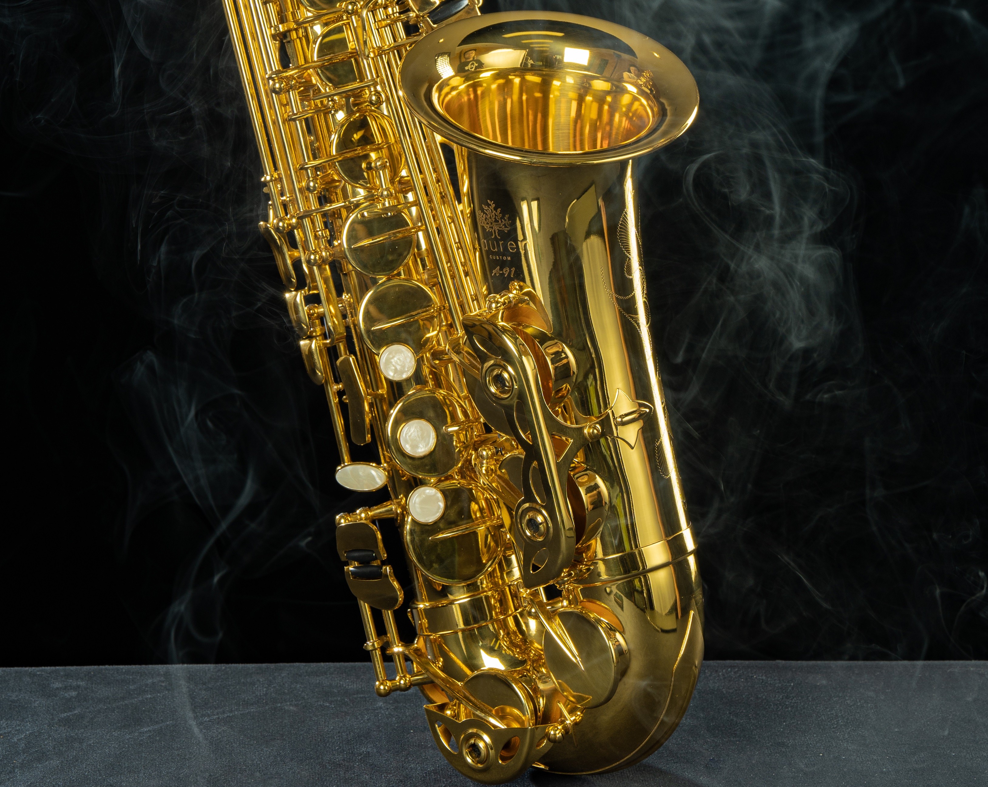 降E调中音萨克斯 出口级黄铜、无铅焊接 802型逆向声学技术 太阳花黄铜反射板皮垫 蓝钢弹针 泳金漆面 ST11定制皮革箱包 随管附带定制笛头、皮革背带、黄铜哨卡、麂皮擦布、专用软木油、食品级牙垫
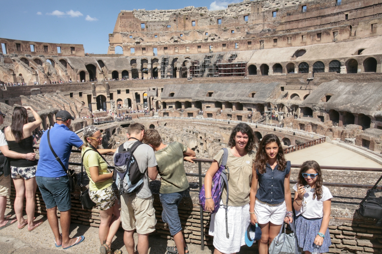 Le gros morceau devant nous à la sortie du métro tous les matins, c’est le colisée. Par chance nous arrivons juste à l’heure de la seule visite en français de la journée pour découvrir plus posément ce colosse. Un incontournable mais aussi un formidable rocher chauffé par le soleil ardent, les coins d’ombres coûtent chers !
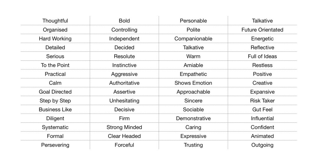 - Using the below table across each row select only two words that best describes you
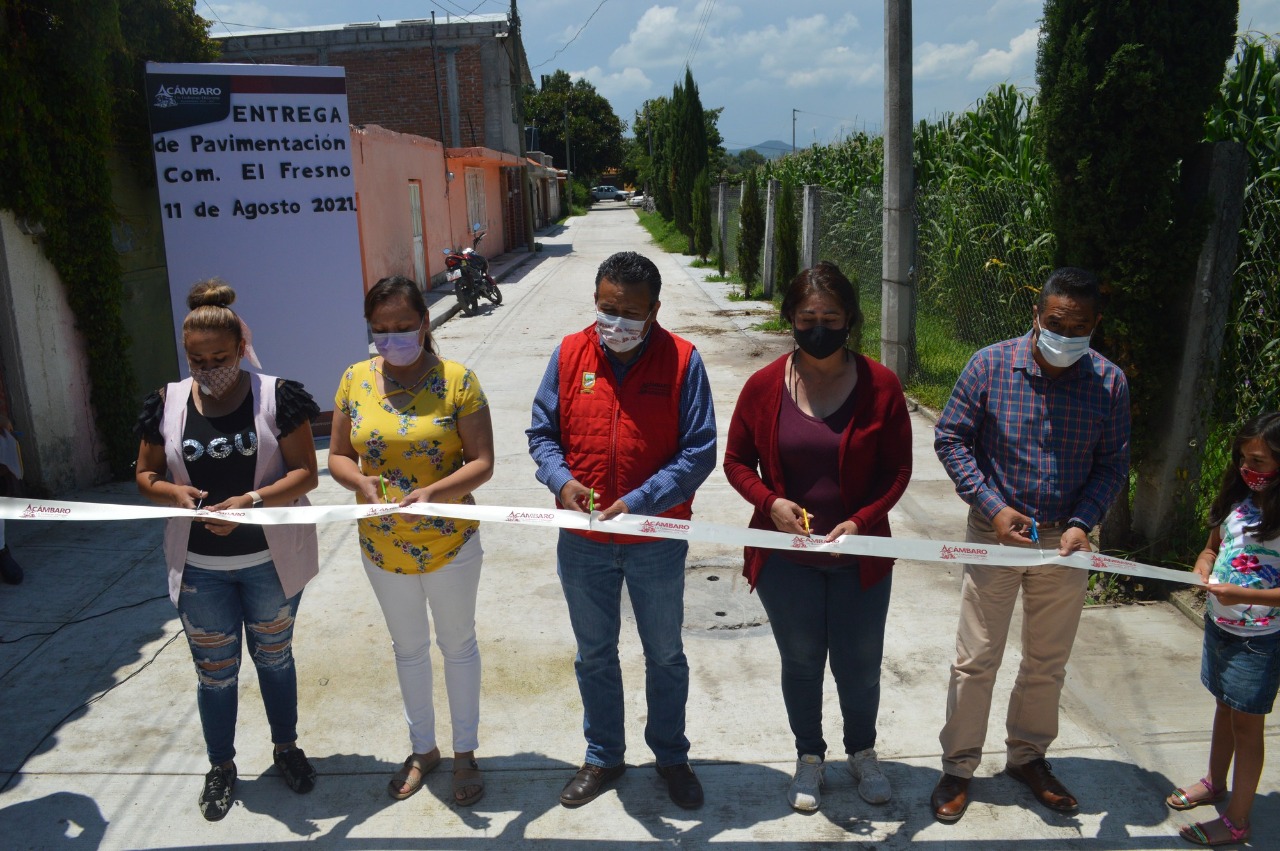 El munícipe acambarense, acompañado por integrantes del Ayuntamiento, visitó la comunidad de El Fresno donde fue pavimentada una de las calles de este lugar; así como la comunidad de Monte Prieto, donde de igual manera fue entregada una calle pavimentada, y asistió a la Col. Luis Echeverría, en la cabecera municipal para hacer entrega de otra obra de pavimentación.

◆ ◆ ◆ ◆ ◆ ◆ ◆

▶ TASK INSTRUCTIONS: Transcribe, word for word, the stretch of lines in the data above from the one with "Le gros morceau" through the one with "- Using the"; omit all pictures.

▶ SOLUTION TO THE PROBLEM:
 Le gros morceau devant nous à la sortie du métro tous les matins, c’est le colisée. Par chance nous arrivons juste à l’heure de la seule visite en français de la journée pour découvrir plus posément ce colosse. Un incontournable mais aussi un formidable rocher chauffé par le soleil ardent, les coins d’ombres coûtent chers !
 - Using the below table across each row select only two words that best describes you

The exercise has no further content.